## Instructions for the task
Beginning with the line that holds "Букет из 51" in the data below, give again every line through the one that holds "設(shè)有擋雨棚,可配備", exactly as written.

## Records to process
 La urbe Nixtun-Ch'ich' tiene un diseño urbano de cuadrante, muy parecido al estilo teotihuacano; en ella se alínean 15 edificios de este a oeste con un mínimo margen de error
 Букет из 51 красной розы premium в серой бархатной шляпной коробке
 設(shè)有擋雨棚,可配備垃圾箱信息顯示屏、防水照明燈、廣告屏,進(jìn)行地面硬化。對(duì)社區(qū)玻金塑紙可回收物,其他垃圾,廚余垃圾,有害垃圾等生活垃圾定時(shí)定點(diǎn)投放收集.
...
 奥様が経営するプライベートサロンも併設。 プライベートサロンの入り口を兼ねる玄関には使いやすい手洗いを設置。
--
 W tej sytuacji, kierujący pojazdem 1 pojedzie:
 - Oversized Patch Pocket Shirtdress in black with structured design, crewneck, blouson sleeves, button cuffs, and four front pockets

## Exercise answer
 Букет из 51 красной розы premium в серой бархатной шляпной коробке
 設(shè)有擋雨棚,可配備垃圾箱信息顯示屏、防水照明燈、廣告屏,進(jìn)行地面硬化。對(duì)社區(qū)玻金塑紙可回收物,其他垃圾,廚余垃圾,有害垃圾等生活垃圾定時(shí)定點(diǎn)投放收集.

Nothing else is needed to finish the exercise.